Simultanément, eBay vient de rajouter Google Checkout à la liste des moyens de paiement non acceptés par le site, sur la base que ce service était « neuf et pas encore éprouvé » d’après le porte-parole du site d’enchères. Est-ce que Google va interdire PayPal sur Froogle ? Ce verrouillage ne fait qu’ajouter à la schizophrénie qui caractérise les relations entre Google et eBay.
Google et eBay représentent chacun l’archétype le plus abouti des « business models » gagnants du Web. D’un côté la fonctionnalité de recherche et les revenus de publicité et de liens sponsorisés, de l’autre la fonctionnalité de transactions individuelles et les revenus de commissions et d’hébergement de services. Une monnaie d’échange partagée : le trafic sur le site et sur les réseaux de franchisés. Recherche, échange, les deux géants de l’Internet ont beaucoup en commun.
De fait, eBay est évidemment un des plus gros consommateurs – si ce n’est le plus gros – d’AdWords, le service de Google. Néanmoins, les sujets de fâcheries se sont multipliés au cours des années de croissance des deux grands de l’Internet. Google a lancé Froogle et Google Base que l’on peut considérer comme empiétant sur les plates-bandes d’eBay ; mi-juin eBay a annoncé sotto voce AdContext, un service comparable à AdWords de Google. (Plus spécifique, cependant, dans la mesure où les revenus des clics sont uniquement liés au montant d’une vente éventuelle sur le site eBay.)

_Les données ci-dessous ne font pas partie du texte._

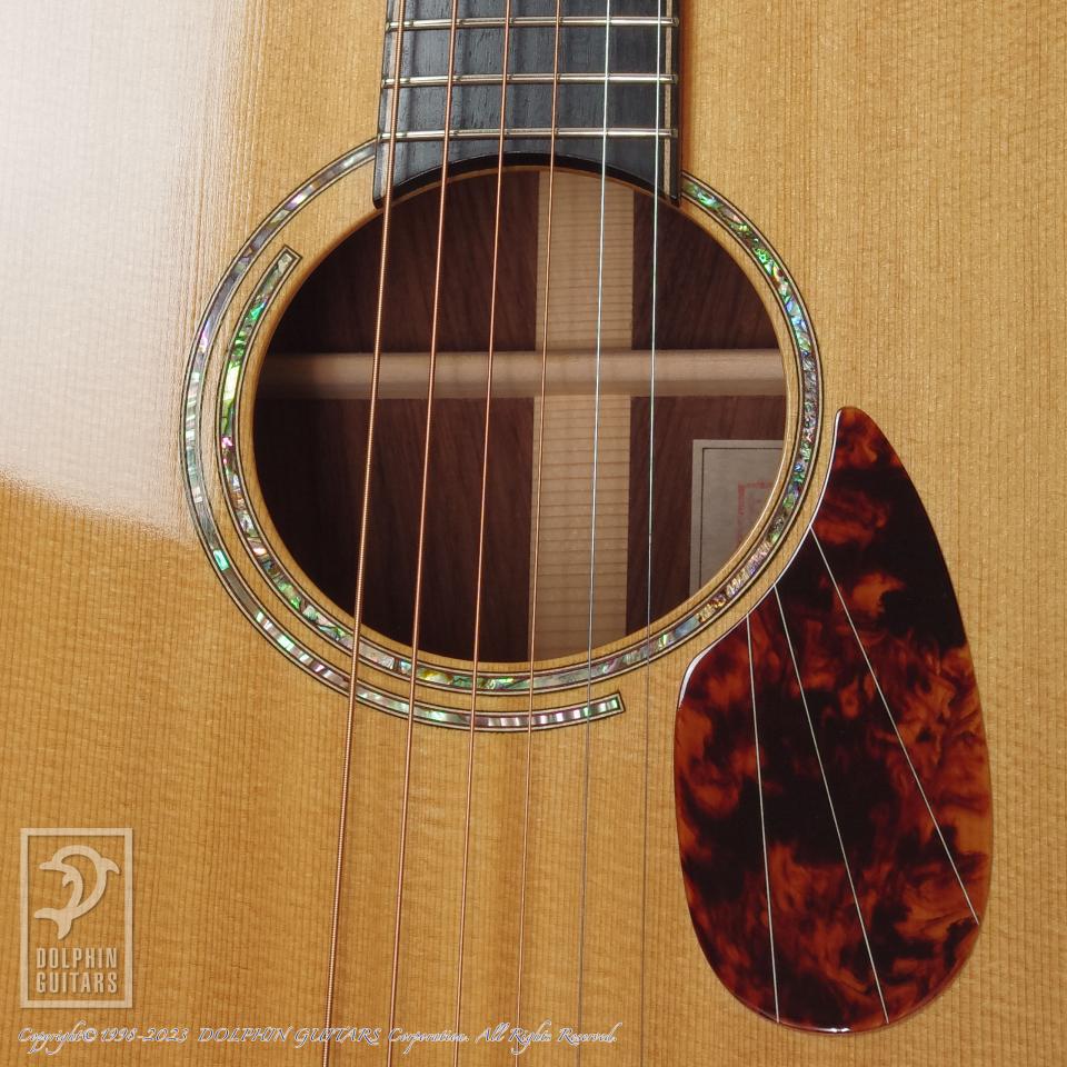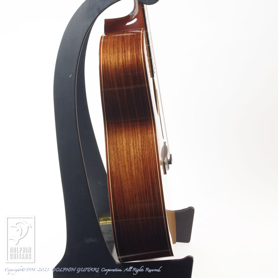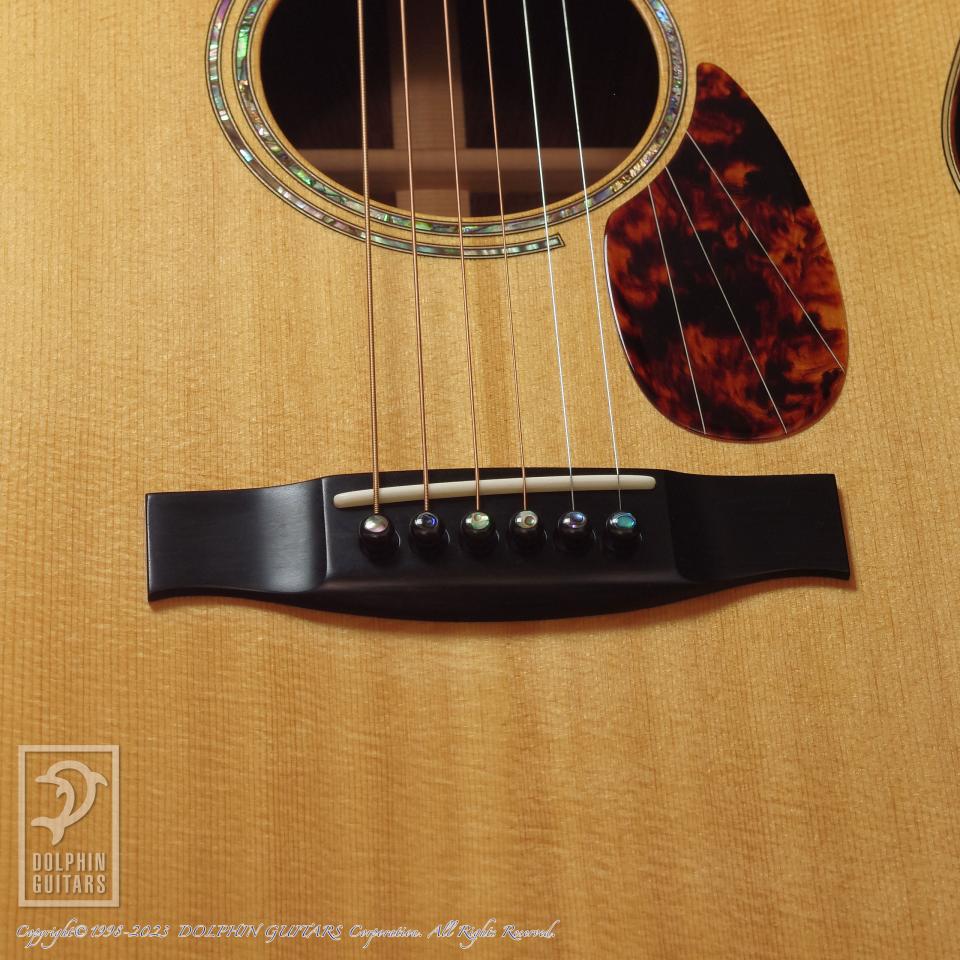 一般的なOMを最大厚で約15mmほど厚胴したボディサイズであり、低音の深みや音域の広さを感じさせるサウンドです。ピッキングの強弱もしっかりと反応し、豊かな表現力を持つ個体で、抜群な鳴りの良さからテンション感も適度な柔らかさを感じるほどです。日高氏はプリウォーマーティンスタイルのアメリカンサウンドの製作も得意とし、本器もベースとなる音作りはプリウォースタイルですが、日高氏のアレンジを加えたブレイスパターンとなります。

Il faut s’attendre à une confrontation de plus en plus directe entre les deux enfants prodiges du Web 1.0. Pour un vendeur, le choix est entre payer Google pour que ma publicité apparaisse sur la page des résultats de recherche, ou bien mettre en vente sur le site eBay, moyennant un « listing fee » et une commission sur le prix de vente final. Chacun des deux sites contrôle aujourd’hui un tel trafic que ces alternatives doivent être examinées au centième de dollar près pour optimiser les budgets de marketing et de promotion en ligne. Au fur et à mesure que ces méga-audiences se construisent, les tarifications de Google et d’eBay vont en s’affinant, proposant des dispositifs optionnels de plus en plus sophistiqués aux annonceurs et aux vendeurs. (Une industrie complète est née autour de l’optimisation des campagnes « pay –per-click » sur Google AdSense et AdWords, par exemple.) Il y a, de plus, un argument économique de rendement d’échelle à loger sous le même toit des services de recherche sur le Web et de marketing en ligne. Tous les géants de l’Internet cherchent à appliquer cette stratégie : Amazon a lancé A9, un moteur de recherche sous sa marque, Yahoo!, MSN et Google se disputent la position de leader, etc.